ИВАН ФЕДОРОВИЧ. Много твой режиссер в кино и жизни понимает. Ты хорошенько проанализируй ситуацию. Середина 70-х. 31 декабря. Стюардесса при посадке идет к командиру экипажа и докладывает, что на борт явился пьяный пассажир. Приходит командир. Что он видит? Человек явно из бани. В портфеле веник. Одет прилично. Да, рано начал праздновать. Но и что с того? На то он и Новый год. Опять же мужская солидарность и зависть. Мужик уже как следует празднует, а летчику еще полночи, прежде чем сесть за новогодний стол, баранку в небе крутить. Вот так-то…
ПАВЕЛ. А сейчас бы пьяного в самолет пустили?
ИВАН ФЕДОРОВИЧ. А вот сейчас уже нет. Во-первых, – люди другие, не советские, то есть не такие открытые и добрые. Во-вторых, – гаджеты и Интернет. Бабы-пассажирки сразу бы начали снимать пьяного на борту и выкладывать в своих дурацких аккаунтах, чтобы просмотры и лайки набирать. Они ж на этом уже чокнулись. Заняться-то больше нечем. И весь экипаж самолета уволили бы с работы.
ПАВЕЛ. М-да… скучно живем.
ИВАН ФЕДОРОВИЧ. А своему режиссеру скажи, что он не туда смотрит. Действительно, Лукашина в самолет должны были не пустить. В то время вместе с билетом проверяли и паспорт. А Лукашин летел по чужому билету и без паспорта. Усекаешь?

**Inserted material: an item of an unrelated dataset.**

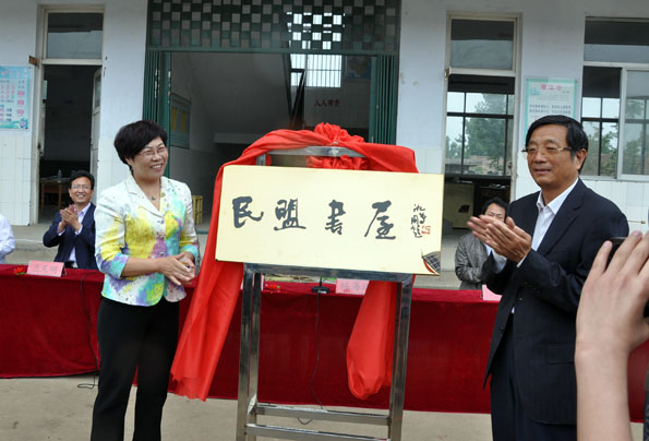 赴費(fèi)縣石井鎮(zhèn)板橋小學(xué)捐建“民盟書(shū)屋”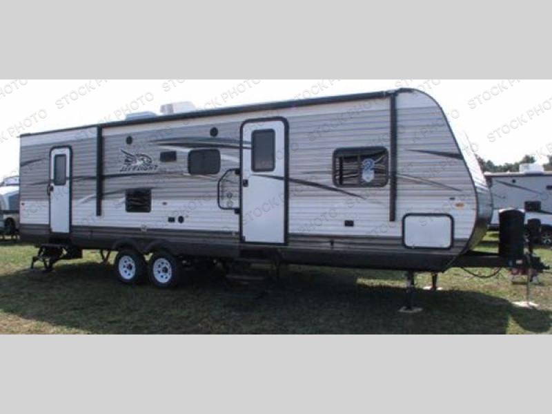 Rear double bunks and a single slide, plus two entry doors is what you will find inside this 28BHBE Jay Flight.

ПАВЕЛ. Усекаю. Значит режиссер был прав?
ИВАН ФЕДОРОВИЧ. Запомни, кино – это не правда, а только правдоподобие. То есть то, во что готовы поверить зрители. Конечно, если разбирать фильм детально, то как Лукашин вышел из самолета, мы видели. А вот как он из здания аэропорта добрался до пассажирского кресла? – действительно загадка. Рязанов пошел простым, но не логичным путем – предпочел ничего не объяснять. Добрался и добрался – думайте, что хотите. Считаешь это правильным?
ПАВЕЛ. Ну, в общем, нет. Но, возможно, ему попросту экранного времени не хватило.
ИВАН ФЕДОРОВИЧ. Это все режиссерские отговорки. А по факту – сценарно-постановочный ляп.
ПАВЕЛ. А вы что, эту проблему могли бы решить?
ИВАН ФЕДОРОВИЧ. Конечно. Буквально за секунды экранного времени.
ПАВЕЛ. Как?
ИВАН ФЕДОРОВИЧ. Да очень просто. Вспомни, в самолете герой Рязанова сидит у прохода, а Лукашин – справа от него. Так?
ПАВЕЛ. Так.
ИВАН ФЕДОРОВИЧ. Так вот я поменял бы их местами. Чтобы место Лукашина оказалось у прохода.
ПАВЕЛ. Почему?
ИВАН ФЕДОРОВИЧ. Так его удобнее было бы усадить в кресло.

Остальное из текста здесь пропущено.